Many years ago, even before Mr D and I were married, we were getting ready for something (some family event, I can’t remember what) at his Parent’s place. They lived in the old house then (a new one has since been built) and it had a very long corridor that ran almost the entire length of the house. I say corridor as it was glass on one side looking out to the yard and had the bedrooms and bathroom leading off it on the other side.
At that time Mr D’s youngest sister had adopted two male cats that had not, at that stage, been desexed. She couldn’t keep them at her place so they ended up at Mr D’s parent’s place. It wasn’t a decision that made her very popular however what was done was done. Fish and Chips were their names.

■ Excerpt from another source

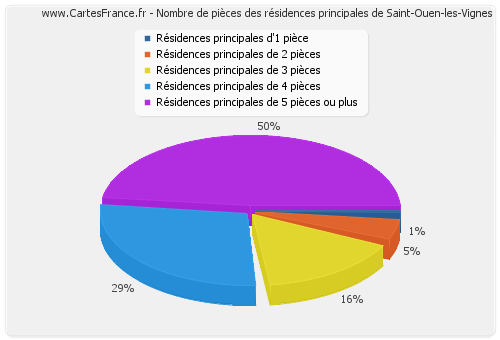 Nombre de pièces des résidences principales de Saint-Ouen-les-Vignes en 2007 :

Anyway, on this occasion everyone was busy getting ready, having showers, ironing shirts, putting makeup on etc. It can only be total mayhem when ten people are all wanting to use the only bathroom at the same time. You get the picture. Even the cats had been banished to the outside in the chaos so they weren’t under feet and little did we know at that stage that they also had a reputation for marking territory.
After Mr D had ironed his shirt, he hung it on the door handle at the end of the corridor and ran into the bathroom that had cleared at that moment. His Mum and I were ready and so were chatting away at the other end of the corridor watching all of the goings on. At that moment, and it all seemed to happen in slow motion, someone had left the front door open and in ran one of those naughty cats. He ran straight passed Mr D’s Mum and I, and straight down that corridor stopping only to spray on Mr D’s shirt. His one and only shirt! Watching that cat, you would have thought that he had only one mission in life the way he targeted that shirt. As quick as that cat appeared, he disappeared. Mission completed!

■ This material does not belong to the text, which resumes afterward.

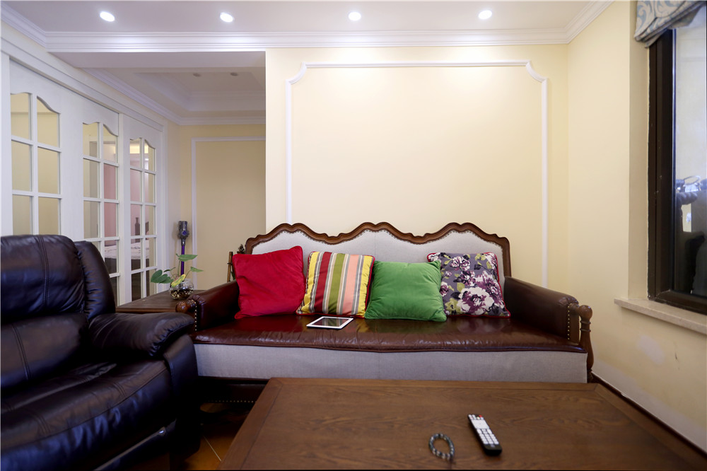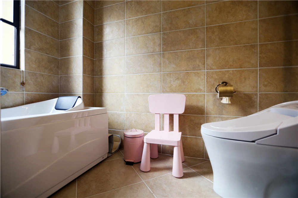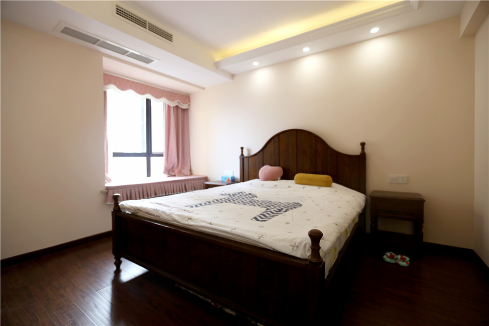 粉紅色窗簾與姜黃色乳膠漆搭配出暖色的感覺(jué),在木質(zhì)地板復(fù)古味道的襯托下,讓人沉浸在一種舒適放松的環(huán)境下。

It was hard not to laugh however I did and Mr D’s Mother was also laughing. I’m still laughing about it now. Mr D was not happy AT ALL, he had a look of horror on his face and all he wanted to do was ring that cat’s neck. Did I mention the smell? Disgusting! I can’t remember now if Mr D even wore the shirt that night because we had a lot of trouble washing the smell out.
I had forgotten the story until last night when B2 mentioned the shirt hanging on the door handle with a very cheeky grin on his face. He wasn’t even a twinkle in our eye when it happened however the story has been rattling around for a while.